Hello all Moved my speakers around and i have a bit of a problem. My left front speaker sounds louder than my right. My distance from the fronts is 13 ft. Distance from the surrounds is 8 ft on each side. I cant make an equadistant triangle because of an open doorway by the right speaker. Im pretty sure that having the fronts 7 ft apart might not be enough. could you please help me find a solution? I would greatly appreciate any input. Thank you


----------



## mdrake (Jan 31, 2008)

Do you have a diagram of the room? Even a hand drawing would help.  

Matt


----------



## tonyvdb (Sep 5, 2007)

On thing that greatly affects the sound of speakers is if they are placed into a corner or too close to a side wall. Sound coming form the speaker and bouncing off a wall directly to the side will cancel out some of the frequencies.


----------



## Anthony (Oct 5, 2006)

It sounds like you are getting less room gain out of the right speaker, due to the open doorway.

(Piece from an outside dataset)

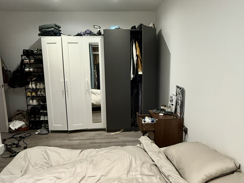 A spacious, fully furnished double room with a comfortable bed, large mirrored wardrobe, and chest of drawers. The room gets a good light and has a calm, inviting atmosphere. It’s facing a beautiful church (my favorite part)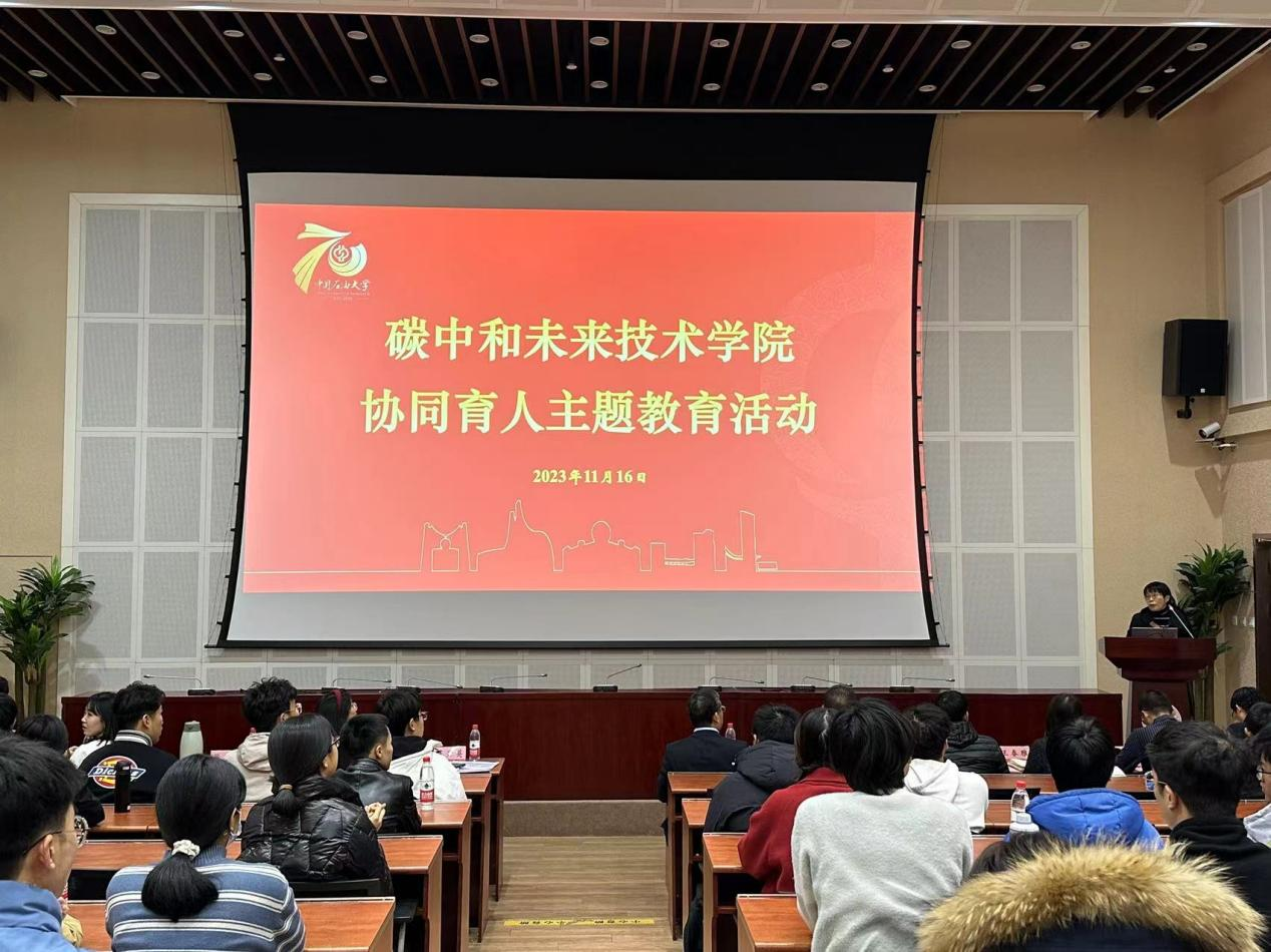 2023年11月16日,碳中和未来技术学院协同育人主题教育教学活动在主楼C308举行,会议旨在对碳中和未来技术学院全体导师进行课程思政教育培训。院长徐春明院士、执行院长蓝兴英、学院各班主任、学业导师、辅导员和全体学生参加会议。会议由执行院长蓝兴英主持。

In the bass frequencies, you get gain by putting them near a wall (usually a 3dB bump) or in a corner (6dB bump). Those are idealized numbers and can be less, but the theory is the same. A lot of what we hear as "loud" is the bass frequencies. 

Sadly, just turning down the left one by 3dB won't balance the sound, because the upper frequencies are not benefiting from the room gain as much. in fact, you may be getting the comb filter or "cancelling" that Tony mentioned above.

A couple things to try: pull them away from the walls and into the room a bit more or try some room treatments like bass absorbing panels in the corner.

But simply moving the speakers out a bit and a little adjustment to the balance might get you pretty close. If that still doesn't do it, we have a good room acoustics forum that has some experts on what kind of treatments you can use and where.

Good luck.


----------



## jbear33 (Jan 4, 2009)

I hope this will do . One Q: When I turn the speakers facing the wall away from me, it sounds a lot better for some reason. Why would that happen?


----------



## jbear33 (Jan 4, 2009)

I think my Q was answered above....But I could hear a huge difference in moving the speaker out. Might have to see if I can talk my wife into a sliding curtain to go over the hallway entrance. Thank you very much for helping!


----------



## OvalNut (Jul 18, 2006)

Treat the left side wall by the speaker with an acoustic panel or two. Use 4" rockwool panels if you can. This will help to absorb some of the reflections which are currently throwing off the balance as you described.


Tim

:drive:


----------



## jbear33 (Jan 4, 2009)

Thanks everyone! Where exactly should I place the panels to be effective? I have all the materials now to make my panels (helps to let the wife pick the fabric)


----------